This invention relates to a dual layer photoreceptor for use in electrophotography having a high sensitivity upto the near infrared wavelength region.
Heretofore, inorganic photoconductive materials such as selenium, cadmium sulfide and zinc oxide have widely been used for photoreceptors for electrophotography.
Moreover, organic photoconductive materials represented by polyvinylcarbazole have been investigated as well to be applied to the photoreceptors for electrophotography, and several of them have already been put into practical use.
The organic photoconductive materials have various merits, for example, in that they are reduced in weight, can be formed into films without difficulty and facilitate the production of the photoreceptor as compared with the inorganic materials.
Along with the recent prevalency of laser beam printer or the like that uses a laser beam as light source instead of conventional incandescent light and has advantages in higher printing speed, higher picture quality and non-impact printing, development for photosensitive materials capable of satisfying the requirements therefor has been demanded.
A semiconductor laser has been remarkably developed in recent years among the laser beams. In this case, since the wavelength of the semiconductor laser is around 800 nm, a photoconductive material of a property highly sensitive to the long wavelength ray around 800 nm has strongly been desired.

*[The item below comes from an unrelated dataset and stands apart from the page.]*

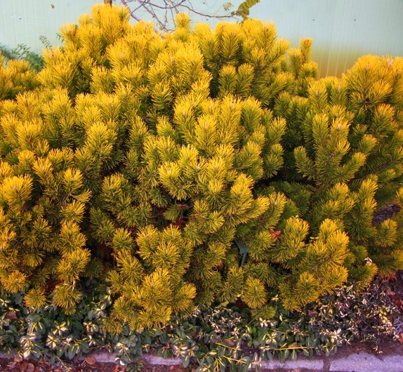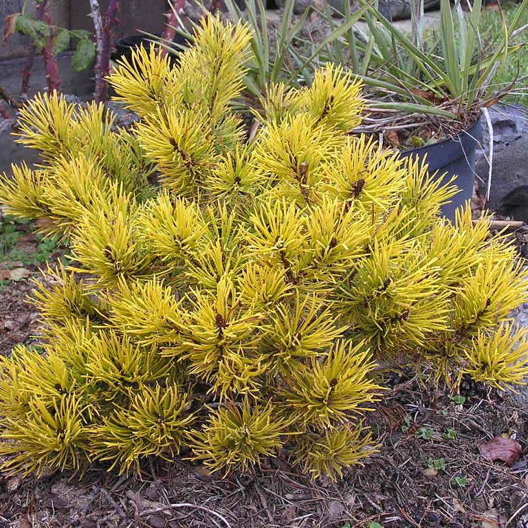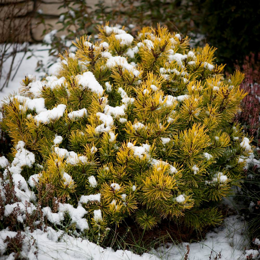 Саженцы сосны горной Винтер Голд (Winter Gold) — изумительный хамелеон растительного мира! Светло-зелёная летняя окраска к осени заменяется лимонно-жёлтой, которая зимой принимает золотисто-коричневый оттенок, откуда и название сорта (зимнее золото). Форма — шарообразная, рост — очень медленный (около 4 сантиметров в год), размер — высота до 1 м, диаметр до полутора метров. Любит солнце. Приживается на любом умеренно-сухом или влажном грунте, желателен дренаж. Сорт морозоустойчивый. Ввиду очень медленного роста возможна покупка многолетней сосны Винтер Голд (крупномера). Молодое растение может пострадать от зимних и ранних весенних солнечных ожогов — рекомендуется укрытие.

As the organic substance capable of satisfying the above-mentioned requirement, there have been known squaric acid methine dye, indoline dye, cyanine dye, pyrylium dye, polyazo dye, phthalocyanine dye, naphthoquinone dye and the like. However, at the present stage, the squaric acid methine dye, indoline dye, cyanine dye and pyrylium dye are insufficient in the practical stability, i.e., cyclic characteristics although they are adaptable to the longer wavelength, the polyazo dye is less adaptable to the longer wavelength and disadvantageous in view of the production thereof and the naphthoquinone dye is disadvantageous in view of the sensitivity.
The photoreceptor composed of a metal phthalocyanine compound among the phthalocyanine dyes, has a sensitivity peak at a relatively longer wavelength region of from 700 to 750 nm, while it somewhat varies depending on the central metal, as described in U.S. Pat. No. 3,357,989, Japanese Patent Application Laid-Open No. 11136/1974, U.S. Pat. No. 4,214,907 and British Patent No. 1268422, etc. However, the sensitivity is gradually reduced in excess of 750 nm, and turned into no more practically effective level.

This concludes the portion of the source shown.